Paper and pencil is not susceptible to technical problems. It is comfortable for people unfamiliar with computers. However, it’s labor-intensive when it comes to distribution of the materials, grading, tracking, reporting, etc.

Computer-based assessments are faster and easier to update. Results can be provided immediately. Computer-based assessments allow for question types such as software simulations that paper and pencil can’t provide.

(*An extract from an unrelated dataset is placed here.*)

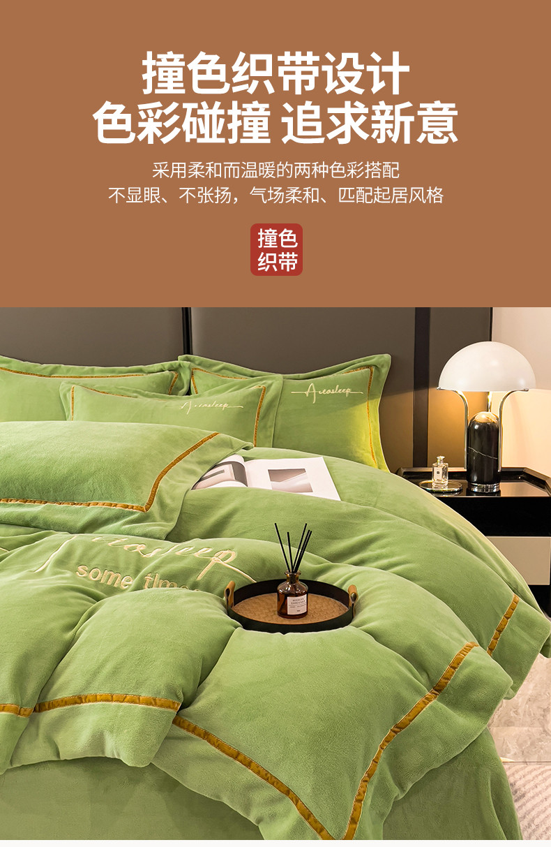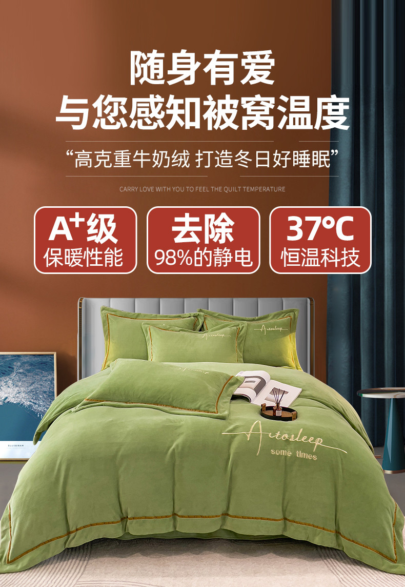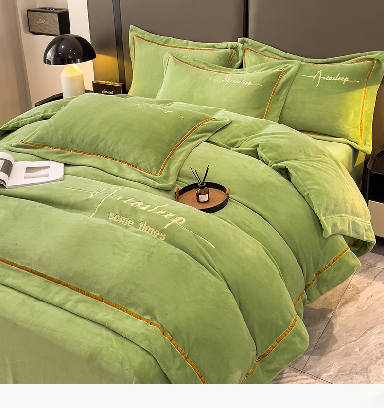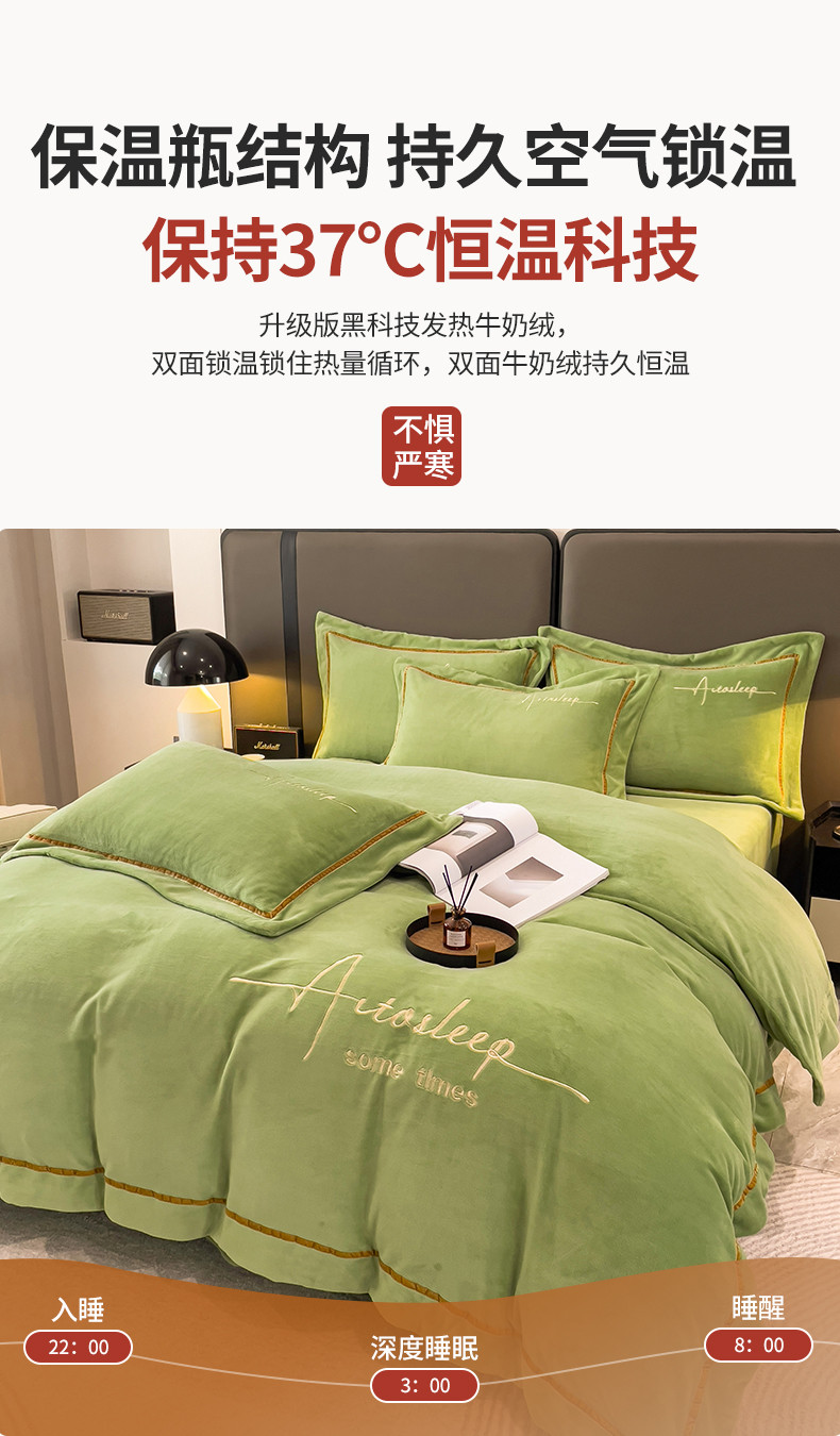 当前位置: 91家纺网 > 商品网购 > 床品套件 > 四件套 > 牛奶绒四件套 > 露梦 2025新款高克重牛奶绒刺绣四件套-赫本 赫本-抹茶绿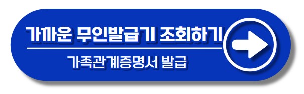 가족관계증명서 오프라인 발급도 가능합니다. 근처 주민센터 또는 무인발급기를 찾아가시면 되는데요. 지문인식이 잘 되시는 경우 무인발급기 발급을 추천드립니다. 수수료가 주민센터 방문보다 50%저렴합니다.

However, not everyone is comfortable with computers or can type at a reasonable rate – you don’t want someone who knows the material to fail a test because they couldn’t answer questions fast enough using a keyboard.

Are True/False Questions Useless?

Posted By Doug Peterson

As a test designer, I need every question to tell me something about the learner that I didn’t know before the question was answered: Does the learner have the knowledge for which the question is testing? Developing questions costs money, and every question takes up some of the learner’s time, so every question needs to be effective.

Is a True/False question effective? Does it tell me whether or not the learner actually learned anything? One would think that if the learner answered correctly, it would mean the learning was successful. The problem is that with only two choices, the learner has a 50% chance of simply guessing the correct answer. So does a correct answer really mean the learner possessed the knowledge, or does it simply mean the learner guessed correctly? You can’t tell, so the True/False question cannot be counted on as an indicator of successful training.

So is that it for our good friend, the True/False question? No more True/False questions on our quizzes, tests and exams? Is the True/False question history?

No, not at all.

While a True/False question may not be truly able to tell you what a learner does know, it is very good at telling you what a learner doesn’t know! When the learner gets a True/False question wrong, you can be guaranteed it is because they don’t possess the desired knowledge.

This means that True/False questions work very well on pre-tests given to the learner before the training. They can help identify what the learner doesn’t know so that they know the topics on which to focus in the training.

So don’t give up on the trusty True/False question! Just make sure that you understand what it really shows you about the learner, and that you use it in the right place.

Creating scenario-based assessments

Scenario-based assessments (like this one, for example) are a great way to test learners’ understanding of a specific subject or gauge how someone would react in certain circumstances.

You can create scenario-based assessments in Questionmark Perception version 5 by grouping a series of questions with a single stimulus such as a reading passage, case study, video, image or audio track.

To do this, you would select the appropriate template within the Perception Assessment Wizard to group related questions into a single block. You use text and images to create a static introduction or stimulus that would remain visible in on one half of the window while the questions related to it show up one at a time on the other half.

You can create questions as you would any normal set of questions. Group them in a single sub-topic or place the questions in other relevant topics.

Once your assessment is complete, you can schedule it like any other assessment.